India has been witnessing a rise in the active caseload over the past few days. India’s total active caseload is pegged at 1,45,634 on February 21. It now consists of 1.32 per cent of India’s total positive cases.
More than 74 per cent of the active cases of the country are in Kerala and Maharashtra. Of late, it is seen that there has been a spike in the daily cases in Chhattisgarh and Madhya Pradesh also. Punjab and J&K too are witnessing a surge in daily new cases.
In the last four weeks in Kerala, the average weekly cases have fluctuated between a high of 42,000 to a low of 34,800. Similarly, in the last four weeks, the weekly positivity in Kerala has ranged from 13.9 per cent to 8.9 per cent. In Kerala, the district of Alappuzha is a cause of special concern where the weekly lositivity rate has increased to 10.7 per cent and weekly cases have increased to 2,833.
In Maharashtra, in the last four weeks, the weekly cases have shown a rising trend and have increased from 18,200 to 21,300; while the weekly positivity has also increased from 4.7 per cent to eight per cent. The areas of concern are the Mumbai suburban areas where the weekly cases have risen by 19 per cent. In Nagpur, Amravati, Nashik, Akola and Yavatmal the weekly cases have increased by 33 per cent, 47 per cent, 23 per cent, 55 per cent and 48 per cent, respectively.

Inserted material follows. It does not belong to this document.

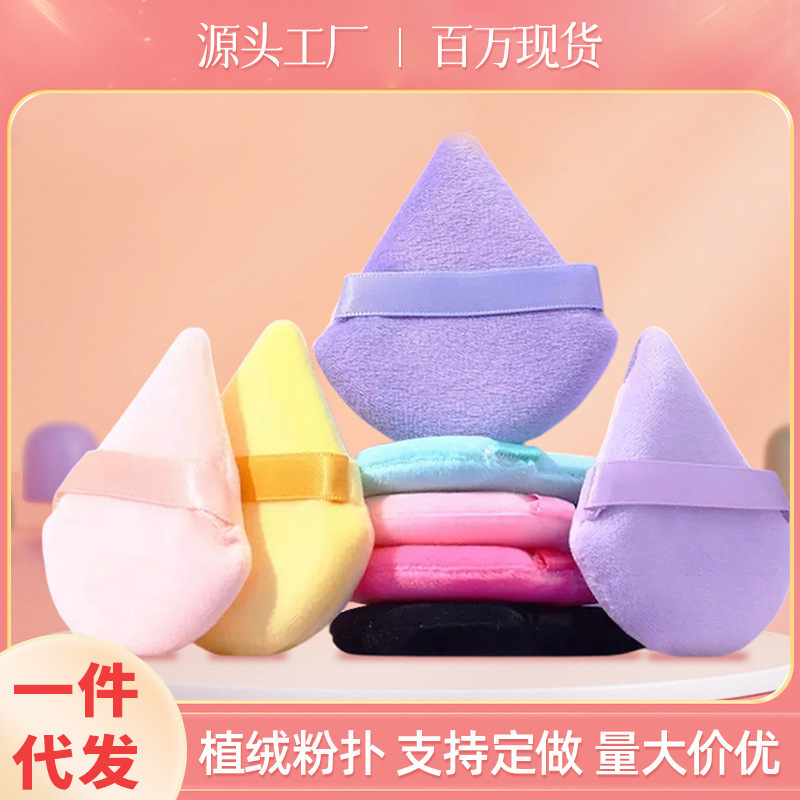 メーカー卸売植毛ルースパウダーパフ、セッティングパウダーパフ、メイクコットン、三角パフ、天然スポンジパフ、ウェット&ドライ

Punjab is rapidly assuming critical dimension in respect of the spread of COVID19 infection. In the State, in the last four weeks, the weekly positivity rate has increased from 1.4 per cent to 1.6 per cent, while the weekly cases in the last four weeks have seen a rise from 1300 to 1682. In one district of SBS Nagar alone, the weekly positivity rate has become 4.9 per cent from 3.5 per cent and the weekly cases have more than doubled from 165 to 364.
Five States/UTs have weekly Positivity Rate more than the National Average. The National average is 1.79 per cent. Maharashtra has highest weekly positivity rate with 8.10 per cent.

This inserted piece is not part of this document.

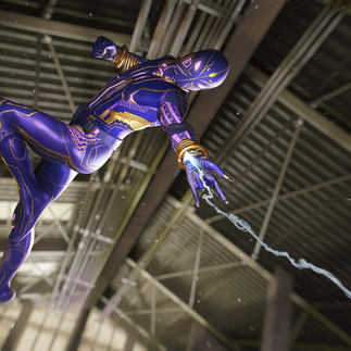 A Insomniac Games colaborou com diversos artistas de quadrinhos, jogos e filmes para criar vários trajes exclusivos. São 65 trajes na versão normal do jogo mais 10 na versão Edição Digital Deluxe.

The Centre has advised all these States to work on five major areas. These are:
1) Improve the overall testing numbers by focusing on increasing the proportion of RT-PCR tests.

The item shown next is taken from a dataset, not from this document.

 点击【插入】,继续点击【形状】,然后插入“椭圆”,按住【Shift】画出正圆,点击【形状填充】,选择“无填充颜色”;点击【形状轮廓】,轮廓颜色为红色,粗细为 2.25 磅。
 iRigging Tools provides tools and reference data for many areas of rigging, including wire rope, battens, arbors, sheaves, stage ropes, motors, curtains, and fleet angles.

2) All negative Rapid Antigen Test results to be mandatorily followed by RT-PCR test and no such negative persons are to be missed.
3) Refocus on strict and comprehensive surveillance as well as stringent containment in selected districts.
4) Regular monitoring of the mutant strains through testing followed by Genome Sequencing, as well as monitoring of the emerging cluster of cases.
5) Focusing on clinical management in districts reporting higher deaths.
On the front of COVID–19 Vaccination, India’s cumulative Vaccination Coverage has crossed 1.10 Cr.